Today, in retail, assortment modeling, pricing, demand forecasting, advertising campaigns and personalization of product recommendations (from the formation of individual offers to loyalty programs) are absolutely impossible without the use of developments in the field of BIG DATA. Meanwhile, the automated and streamlined work of these areas is a guarantee of profit for any retail chain.
However, retail is an area where a large amount of disordered data is accumulating at a tremendous speed: the range of products on the shelves can reach thousands of items, tens of thousands of transactions go through the system every minute, and the retail chains themselves serve millions of customers a day. Thus, on a daily basis, any retail chain must collect, analyze and generate reports on the growing volumes of data that it receives from CRM-, ERP-systems, and points of sale.
The processing of such data is becoming the biggest problem of the retail business — the storage and analytics of such an array of information requires more and more computing resources, scaling ground-based DWHs and expanding staff, which constantly increases the cost of working with data and forces retailers to include these costs in the price of goods. As a result, instead of profit, retailers often get a drop in sales due to regular price increases and, as a result, are forced to reduce the assortment due to lack of sales.
Moreover, constant competition forces retailers to look for new and more effective ways of selling, and making any commercially effective decisions is impossible without high-quality analytics. Such analysis cannot be carried out by conventional means: Excel analytics can only cover a small part of business needs, while most of the data cannot be processed using such tools, as a result — most of the questions will remain unanswered.
Solution for retail
Let’s look at the classic scheme of the functioning of a retail network.
Company data is stored on local SQL servers (ground-based DWH), processed in an OLAP cube (On-Line Analytical Processing) — a structured multidimensional data array that allows multivariate analysis in various sections using SQL Server Analysis Services, and on Based on this consolidated information, daily reports are generated.
Since terrestrial DWH and typical analytics tools do not allow reporting to be displayed in stream mode, the data is updated a maximum of several times a day, which does not allow businesses to make timely decisions, moreover, to automate the process of making them.
For example, a company’s analysts will be able to see a losing trend and react to it only the next day, and by that time it can bring a considerable loss.
Since working with BIG DATA every day requires more and more resources and expanding data warehouses, accordingly, it also becomes more complicated and the amount of required reporting increases. In the case of large retail chains, this leads to a complete impossibility to conduct high-quality analytics and understand what measures should be taken, for example, to determine the optimal assortment, the number of outlets, favorable prices, profit maximization, increase in market share, not to mention what kind of — any forecasting without a thorough and complete analysis of the data is completely impossible.
The solution to this problem, which is the most relevant for retail, is the use of hybrid data warehouses or a complete migration to the Microsoft Azure cloud platform, namely, the use of its Microsoft Azure Synapse Analytics analytical system, which contains modules for connecting, processing, transforming, analytics and visualizing data in live mode.

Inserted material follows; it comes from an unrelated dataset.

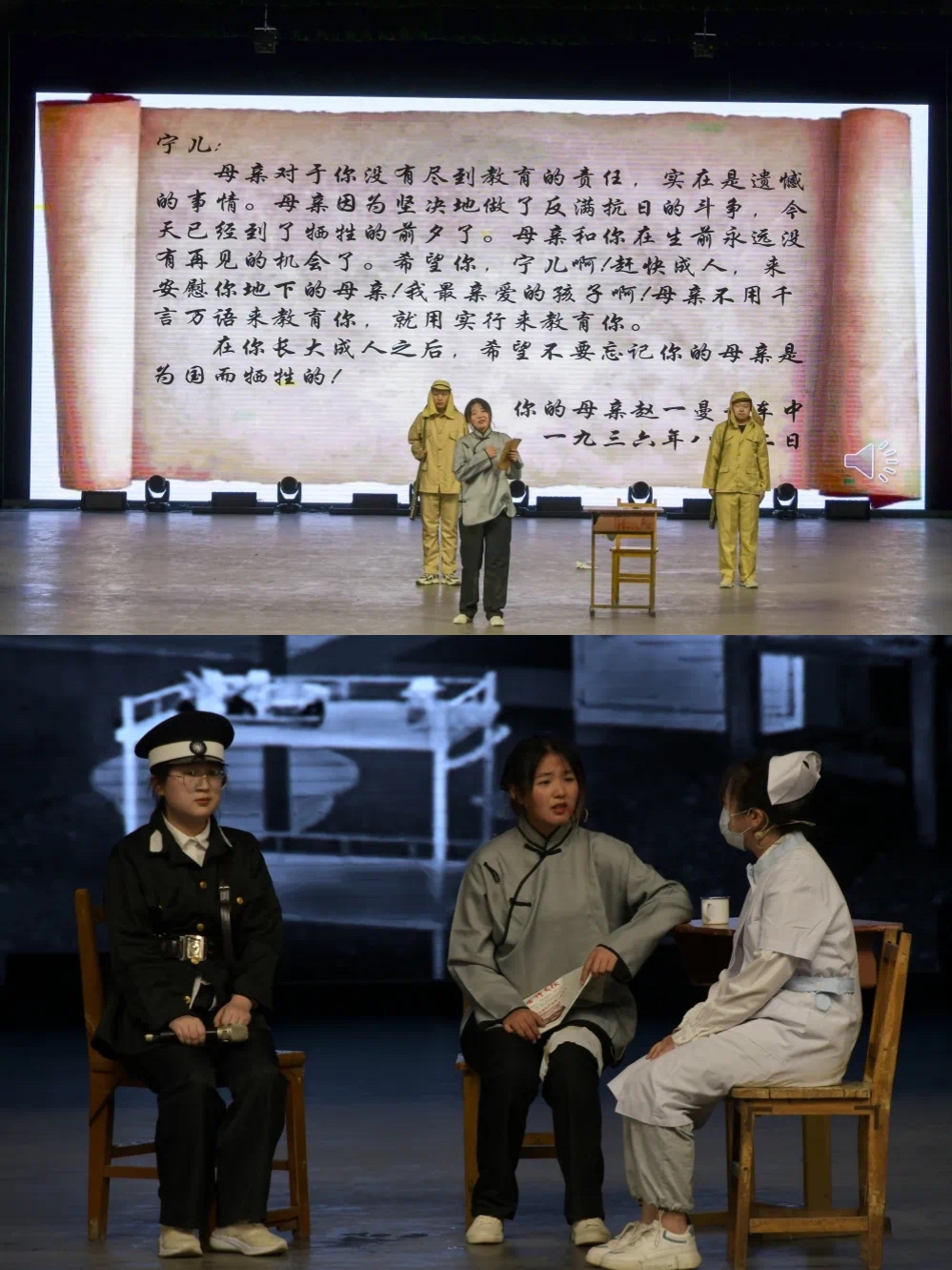 决赛采用积分制,共分三轮进行。在第一轮“先声夺人”中,我院学子根据所抽取的题目进行作答,展现了扎实的党史知识功底,获得了170分的优异成绩。在第二轮“共渡险关”中,面对紧张激烈的抢答环节,我院参赛选手反应迅速,相互配合,沉着应答,最终以220分的绝佳成绩顺利进入第三轮“忆史绎今”。在这一环节中,她们表演了情景剧《烽火英雄——赵一曼》,将革命英雄主义精神展现得淋漓尽致,她们的精彩表现也获得了在场观众的热烈掌声。最终我院参赛选手以312.77分的优异成绩获得党团知识竞赛一等奖。

Microsoft Azure Synapse Analytics allows you to transfer data from DWH (Microsoft Azure Data Factory) and automate BIG DATA analytics (Microsoft Power BI), that is, analytical reports can be transferred to Azure Synapse Analytics and linked to the Power BI data visualization platform, which will provide practically 24/7 data monitoring.
In the future, based on this descriptive and diagnostic analytics (descriptive and predictive analytics), you can build predictive (predictive, advanced analytics) using the Microsoft Data Bricks module, which will allow you to develop AI models for classifying and segmenting visitors, forecasting demand, pricing, automating commodity stocks.
The resulting forecasts can be used for assortment planning, launching advertising campaigns, developing loyalty programs, and much more.
- The transition to Microsoft Azure Synapse Analytics optimizes infrastructure costs and allows you to “infinitely” scale data warehouses — the company pays only for the power consumed and the platform modules used, and can expand the service package at any time.
- Daily reports can be updated every 15-45 minutes, instead of once a day, which will allow the business to quickly respond to changes
- Usually, data is collected in different ways and systems, often so technologically different that it is difficult to aggregate them and even more so to conduct a qualitative analysis. Azure Synapse Analytics allows you to get a single automated solution for data storage and analytics within a single platform.
- Maintaining the company’s IT infrastructure and ensuring its uninterrupted operation becomes the responsibility of Microsoft — the company guarantees at least 99.5% availability of its services according to the SLA (Service Level Agreement).
- Microsoft guarantees data security — the platform allows you to set access levels to reports and monitor user activity.
- Today, modern data solutions are developed on cloud platforms, and therefore it will be difficult for a company that ignores this trend to gain competitive advantages in the near future.